-- SUPPLIED DATA follows --

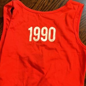 Zara throwback bodysuit (purchased 2012-2015 I’d guess) “1990” red bodysuit with scoop back. Women’s size small.
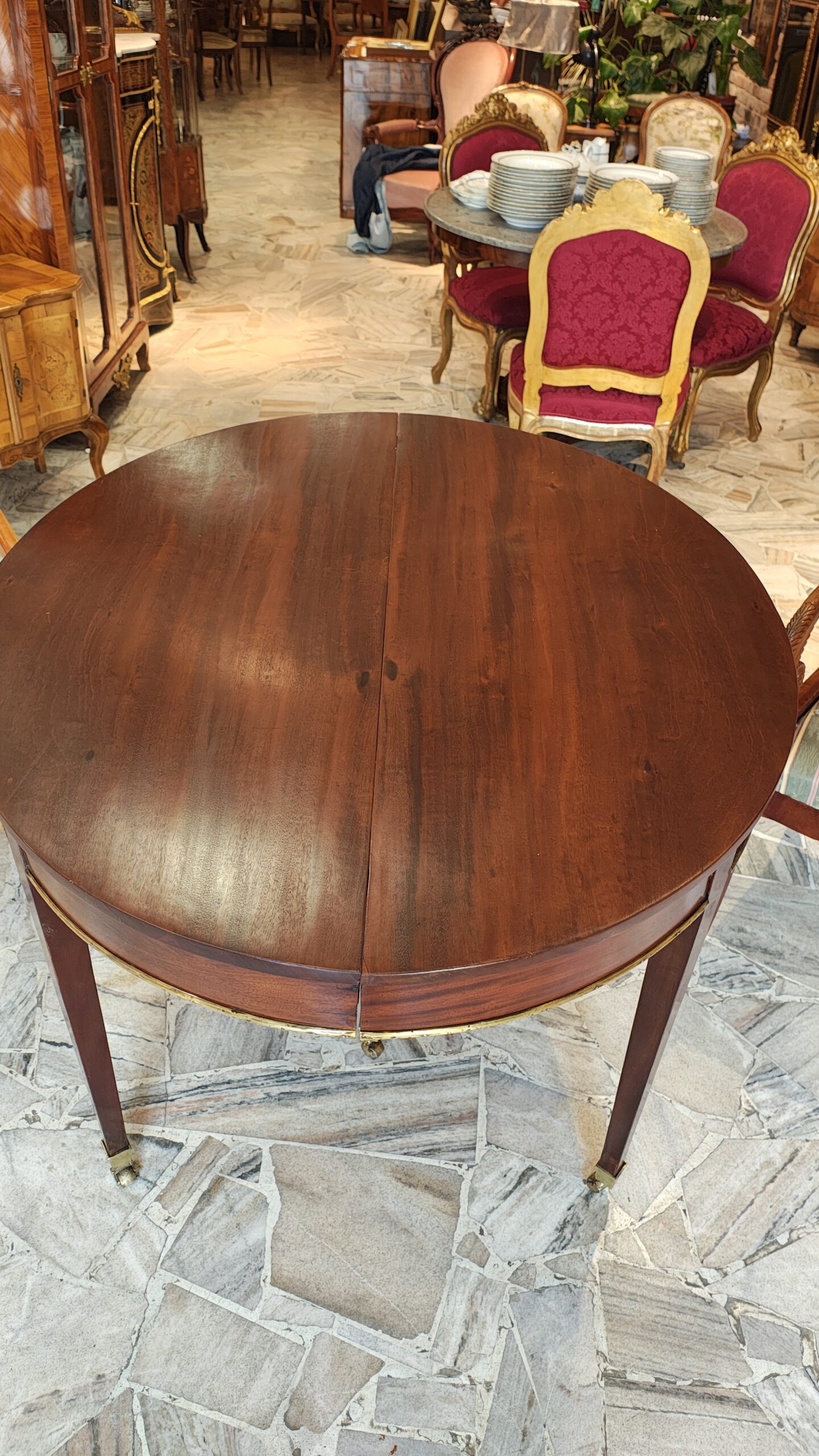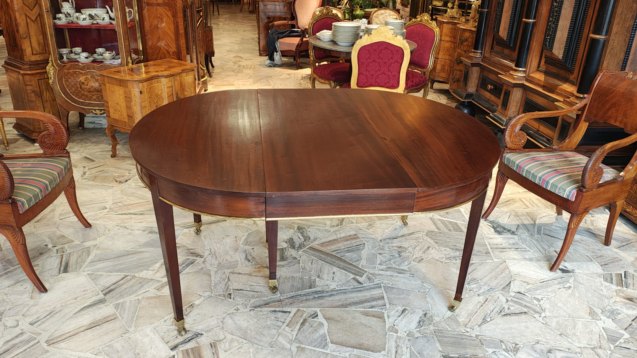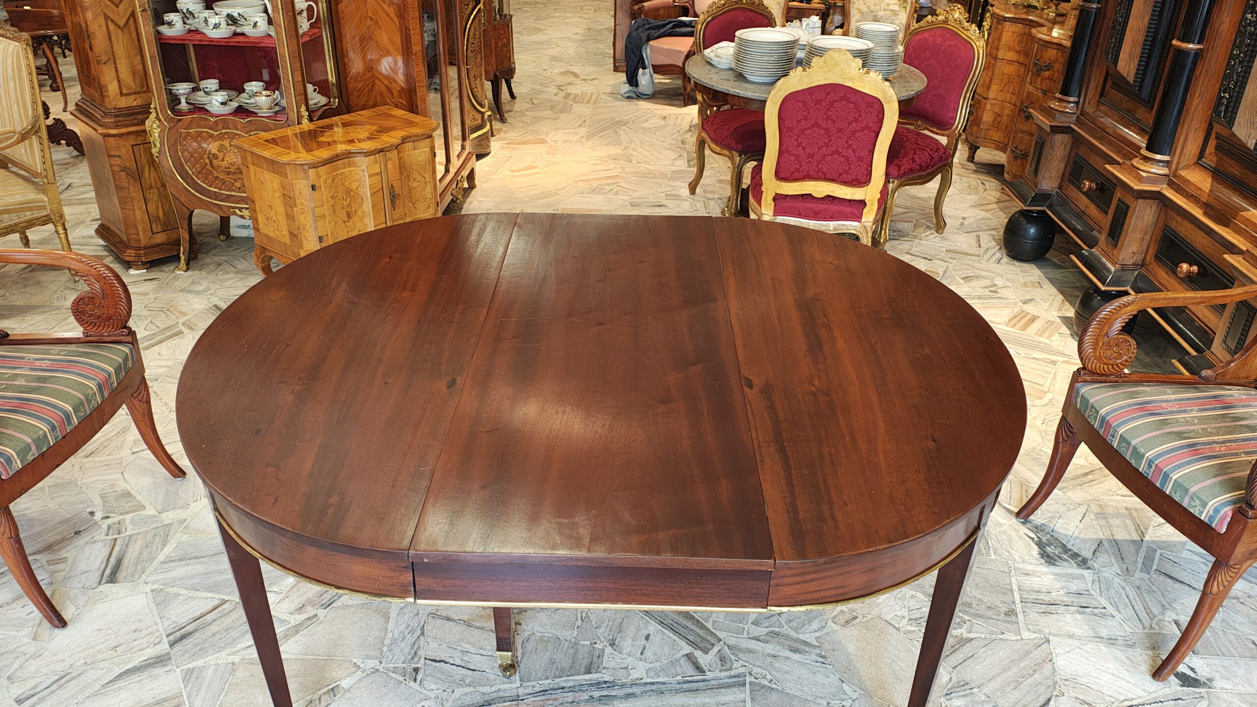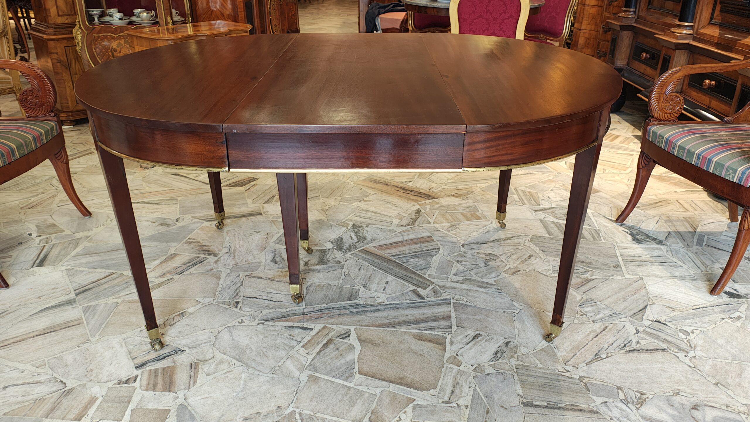 Stół rozkładany klasycystyczny z jednym wkładem, stół z przystosowaniem na kilka wkładów, które można dorobić. Na obręczy stołu wykończenie obwódką z brązu złoconego. podobnie wykończenie nóżek stemple z kółkami.
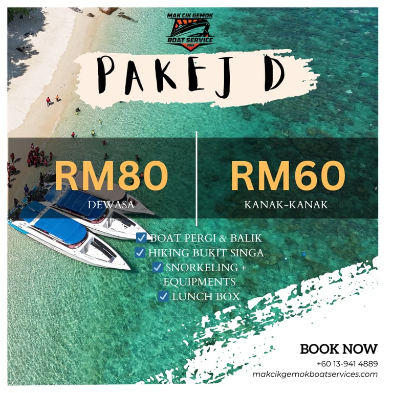 The snorkeling experience was unforgettable! Highly recommend Makcik Gemok Boat Services.
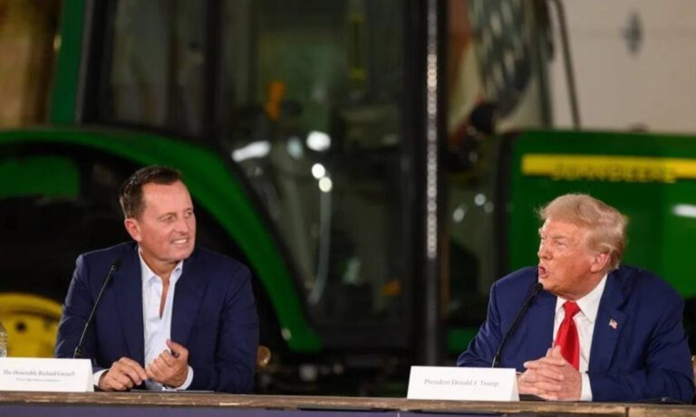 El presidente de EE. UU., Donald Trump (der.) junto a Richard Grenell, enviado especial para Misiones Especiales del mandatario estadounidense. | Foto: Tomada de La Verdad

-- SUPPLIED DATA concluded --

## [PROBLEM TO WORK ON]
All of the material must be given again exactly, though no picture may appear in the copy.

## [ANSWER]
 Zara throwback bodysuit (purchased 2012-2015 I’d guess) “1990” red bodysuit with scoop back. Women’s size small.
 Stół rozkładany klasycystyczny z jednym wkładem, stół z przystosowaniem na kilka wkładów, które można dorobić. Na obręczy stołu wykończenie obwódką z brązu złoconego. podobnie wykończenie nóżek stemple z kółkami.
 The snorkeling experience was unforgettable! Highly recommend Makcik Gemok Boat Services.
 El presidente de EE. UU., Donald Trump (der.) junto a Richard Grenell, enviado especial para Misiones Especiales del mandatario estadounidense. | Foto: Tomada de La Verdad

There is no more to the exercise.